======== DATASET RECORDS
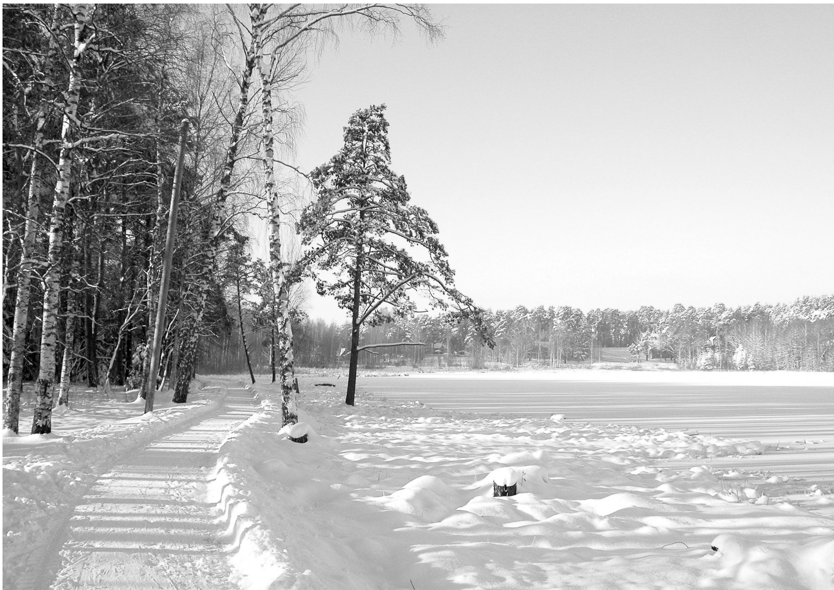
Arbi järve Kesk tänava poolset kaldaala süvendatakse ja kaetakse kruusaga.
================
======== DATASET RECORDS
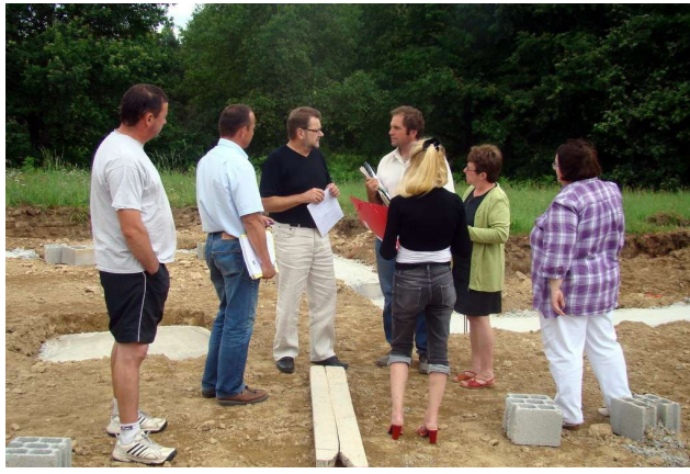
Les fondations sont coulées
================
======== DATASET RECORDS
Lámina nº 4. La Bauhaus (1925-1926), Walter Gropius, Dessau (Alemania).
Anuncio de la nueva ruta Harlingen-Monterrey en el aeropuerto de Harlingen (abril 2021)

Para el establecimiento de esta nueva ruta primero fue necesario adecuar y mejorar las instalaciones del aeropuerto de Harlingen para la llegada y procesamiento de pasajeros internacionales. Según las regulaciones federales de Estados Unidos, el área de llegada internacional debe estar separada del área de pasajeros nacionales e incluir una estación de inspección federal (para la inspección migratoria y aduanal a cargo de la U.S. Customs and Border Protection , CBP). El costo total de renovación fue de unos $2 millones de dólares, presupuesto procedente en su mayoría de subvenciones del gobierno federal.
================
> **ACTION ITEM**:
Only one part of the material above is to be transcribed, namely the lines starting with the line that has "Anuncio de la" and going on through the line that has "Para el establecimiento", exactly as they stand.

> **RESULT OF THE TASK**:
Anuncio de la nueva ruta Harlingen-Monterrey en el aeropuerto de Harlingen (abril 2021)

Para el establecimiento de esta nueva ruta primero fue necesario adecuar y mejorar las instalaciones del aeropuerto de Harlingen para la llegada y procesamiento de pasajeros internacionales. Según las regulaciones federales de Estados Unidos, el área de llegada internacional debe estar separada del área de pasajeros nacionales e incluir una estación de inspección federal (para la inspección migratoria y aduanal a cargo de la U.S. Customs and Border Protection , CBP). El costo total de renovación fue de unos $2 millones de dólares, presupuesto procedente en su mayoría de subvenciones del gobierno federal.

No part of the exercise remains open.